Some of the lines below need repeating. Reproduce exactly those between the lines holding "Nach deiner Anmeldung" and "University of Utah", inclusive.

§ **Supplied entries**:
::::::::::
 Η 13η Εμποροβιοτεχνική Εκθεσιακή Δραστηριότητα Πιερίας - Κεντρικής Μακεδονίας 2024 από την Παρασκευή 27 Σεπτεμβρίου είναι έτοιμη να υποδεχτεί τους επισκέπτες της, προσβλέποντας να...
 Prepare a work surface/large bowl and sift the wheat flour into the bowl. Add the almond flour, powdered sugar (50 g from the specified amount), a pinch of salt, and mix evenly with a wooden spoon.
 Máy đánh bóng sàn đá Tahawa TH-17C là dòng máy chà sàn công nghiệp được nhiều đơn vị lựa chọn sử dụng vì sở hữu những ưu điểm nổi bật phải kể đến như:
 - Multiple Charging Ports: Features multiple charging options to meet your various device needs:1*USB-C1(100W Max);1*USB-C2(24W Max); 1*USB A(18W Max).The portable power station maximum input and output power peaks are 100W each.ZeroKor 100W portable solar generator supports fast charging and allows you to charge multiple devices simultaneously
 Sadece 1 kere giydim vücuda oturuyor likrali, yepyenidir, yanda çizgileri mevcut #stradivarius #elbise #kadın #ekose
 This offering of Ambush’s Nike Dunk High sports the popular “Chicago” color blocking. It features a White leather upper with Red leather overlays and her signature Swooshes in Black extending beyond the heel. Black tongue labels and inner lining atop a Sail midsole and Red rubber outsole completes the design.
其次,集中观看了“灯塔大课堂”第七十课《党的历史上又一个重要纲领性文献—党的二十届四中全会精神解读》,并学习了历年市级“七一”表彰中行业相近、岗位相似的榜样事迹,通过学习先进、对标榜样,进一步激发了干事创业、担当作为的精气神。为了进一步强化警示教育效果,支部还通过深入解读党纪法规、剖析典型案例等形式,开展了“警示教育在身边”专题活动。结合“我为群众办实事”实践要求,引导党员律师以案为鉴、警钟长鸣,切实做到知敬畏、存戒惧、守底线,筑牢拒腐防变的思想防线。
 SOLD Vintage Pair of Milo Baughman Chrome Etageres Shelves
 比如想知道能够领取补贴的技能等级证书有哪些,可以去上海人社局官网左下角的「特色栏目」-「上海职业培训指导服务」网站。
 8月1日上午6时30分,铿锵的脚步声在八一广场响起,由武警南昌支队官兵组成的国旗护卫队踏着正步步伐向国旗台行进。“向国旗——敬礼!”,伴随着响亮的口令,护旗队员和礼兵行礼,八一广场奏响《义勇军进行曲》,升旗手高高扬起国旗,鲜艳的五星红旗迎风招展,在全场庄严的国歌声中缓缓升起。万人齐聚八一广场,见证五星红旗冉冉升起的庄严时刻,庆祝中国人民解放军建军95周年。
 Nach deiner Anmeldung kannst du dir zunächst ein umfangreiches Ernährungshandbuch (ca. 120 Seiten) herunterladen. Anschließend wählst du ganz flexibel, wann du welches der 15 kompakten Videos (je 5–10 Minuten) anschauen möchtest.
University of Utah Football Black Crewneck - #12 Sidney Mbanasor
::::::::::
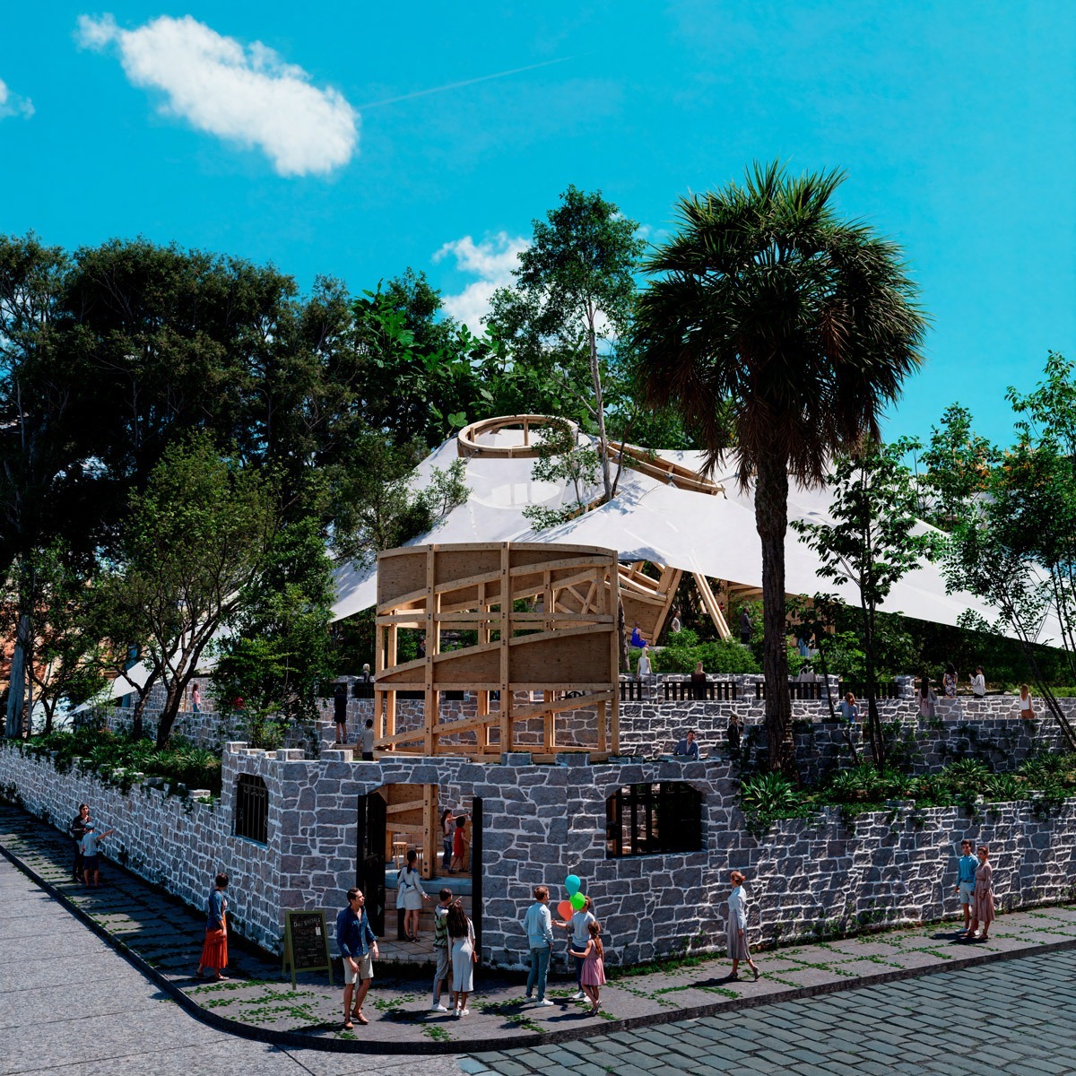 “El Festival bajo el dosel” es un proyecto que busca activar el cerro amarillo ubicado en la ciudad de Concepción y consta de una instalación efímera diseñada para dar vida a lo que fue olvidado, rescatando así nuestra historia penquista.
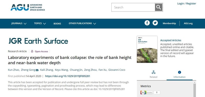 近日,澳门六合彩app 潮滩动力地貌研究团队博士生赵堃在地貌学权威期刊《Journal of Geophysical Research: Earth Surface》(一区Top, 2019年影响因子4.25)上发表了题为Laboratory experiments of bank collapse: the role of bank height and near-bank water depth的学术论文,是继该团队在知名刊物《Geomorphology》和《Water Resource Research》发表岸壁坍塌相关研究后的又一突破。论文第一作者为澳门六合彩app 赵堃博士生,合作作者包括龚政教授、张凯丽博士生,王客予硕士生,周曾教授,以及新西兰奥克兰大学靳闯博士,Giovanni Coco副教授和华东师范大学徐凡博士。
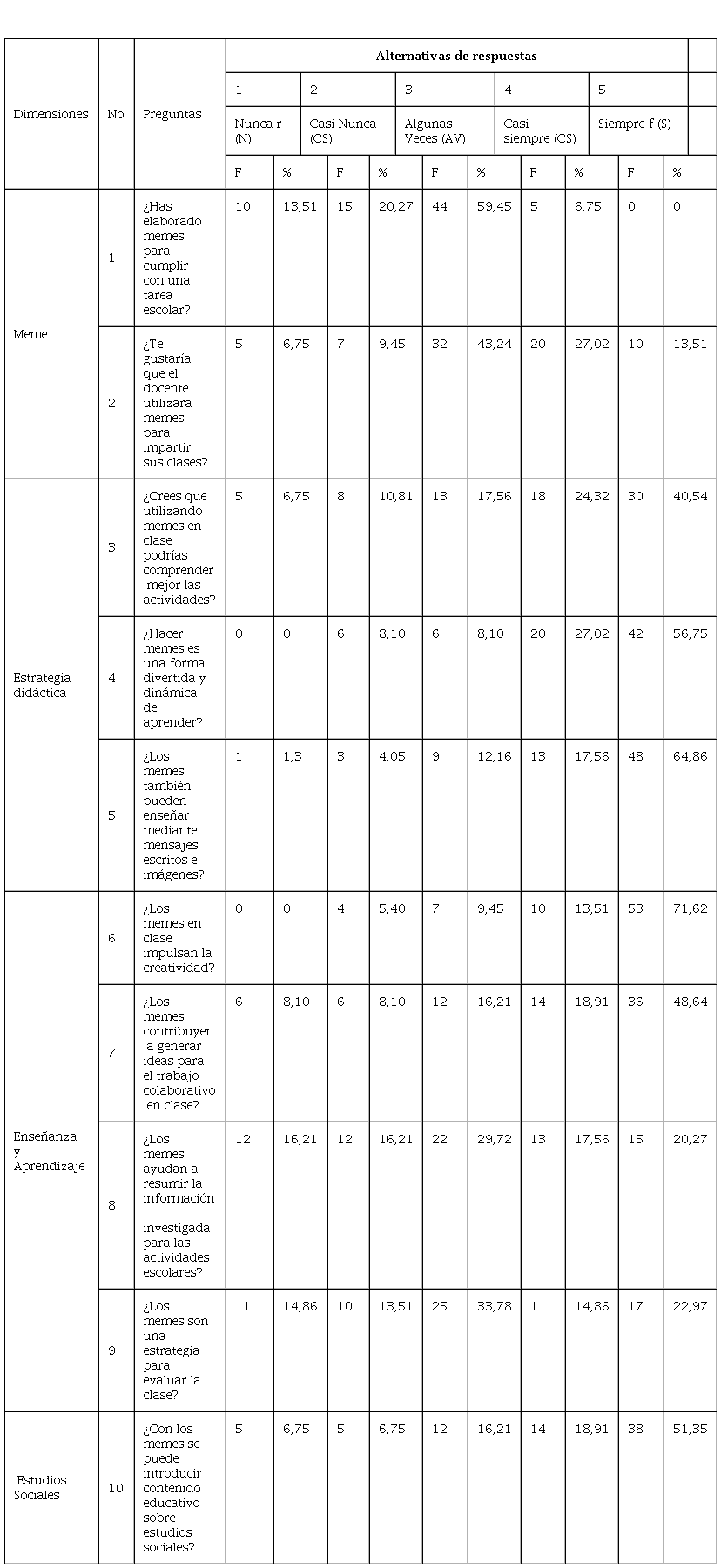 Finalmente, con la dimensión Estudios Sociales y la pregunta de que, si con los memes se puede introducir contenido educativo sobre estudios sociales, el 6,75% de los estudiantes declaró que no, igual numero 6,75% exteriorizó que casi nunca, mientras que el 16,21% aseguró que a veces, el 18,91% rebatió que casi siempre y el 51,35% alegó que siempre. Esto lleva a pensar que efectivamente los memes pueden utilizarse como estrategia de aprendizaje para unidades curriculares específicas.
::::::::::
§ **Written reply**:
 Nach deiner Anmeldung kannst du dir zunächst ein umfangreiches Ernährungshandbuch (ca. 120 Seiten) herunterladen. Anschließend wählst du ganz flexibel, wann du welches der 15 kompakten Videos (je 5–10 Minuten) anschauen möchtest.
University of Utah Football Black Crewneck - #12 Sidney Mbanasor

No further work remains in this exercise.